Results from the At.LANTUS study show that rates of symptomatic hypoglycaemia were lower in GP-treated patients compared to hospital-treated patients (20.9% versus 32.5%; P<0.001). Severe (0.9% versus 1%) and nocturnal (4.2% versus 3.3%) rates of hypoglycaemia were comparable in the GP-treated and hospital-treated groups, respectively.
Dr Colin Kenny, Chair of the Primary Care Diabetes Society, said, 'These results are interesting in the context of the current drive to set lower targets for Hb[A.sub.1c] in the Quality and Outcomes Framework and to increase primary care commissioning of diabetes services. More initiation of insulin in primary care is inevitable.'
At.LANTUS was a 24-week, open-label trial in 4961 people with type 2 diabetes on any antidiabetic treatment but with poorly controlled Hb[A.sub.1c] (>7.0%). Patients were randomised to receive daily, long-acting insulin glargine (Lantus, Sanofi-Aventis) titrated by a doctor or by the patient. GPs and secondary care doctors decided on dose adjustments at weekly patient visits. Patients chose whether to up-titrate insulin once every 3 days. A significantly greater decrease in Hb[A.sub.1c] and fasting blood glucose levels was found in the self-management group.
The results, based on 820 patients managed by GPs (n=215) or hospital doctors (n=605) in the UK, showed that fasting blood glucose (110 mg/dl [5.5 mmol/l] versus 114 mg/dl [5.7 mmol/l]) and Hb[A.sub.1c] levels (8.3% versus 8.2%) were comparable in the two groups, respectively.
Palm readings are equivalent to fingertip tests for blood glucose
Palm testing for blood glucose levels is equivalent to fingertip testing, according to research presented at the ADA Scientific Sessions. The results, which were obtained using the OneTouch Ultra meter (LifeScan), held for both steady and dynamic glycaemic states.

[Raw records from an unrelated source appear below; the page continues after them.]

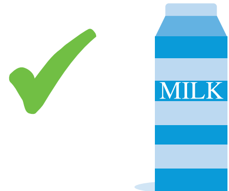
Cow's milk after 1 year
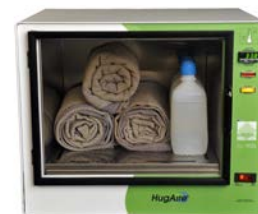
Mini Table-Top Warming Cabinet AL-85926
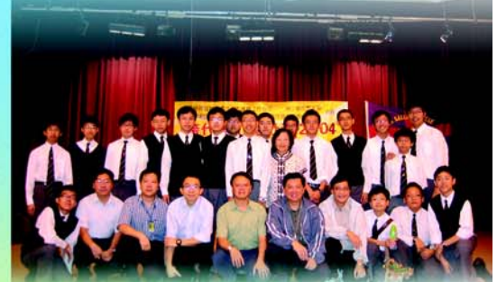
Group photo of community Project in St. James Settlement on 13th November 2004

The palm has fewer pain receptors than fingertips and it is conceivable that the associated reduction in discomfort could lead to increased self-monitoring. Testing at other sites with fewer pain receptors than fingertips (such as the forearm or thigh) has previously been suggested, but differences in local circulatory physiology mean that the tests are not equivalent during dynamic glycaemic conditions, say the researchers.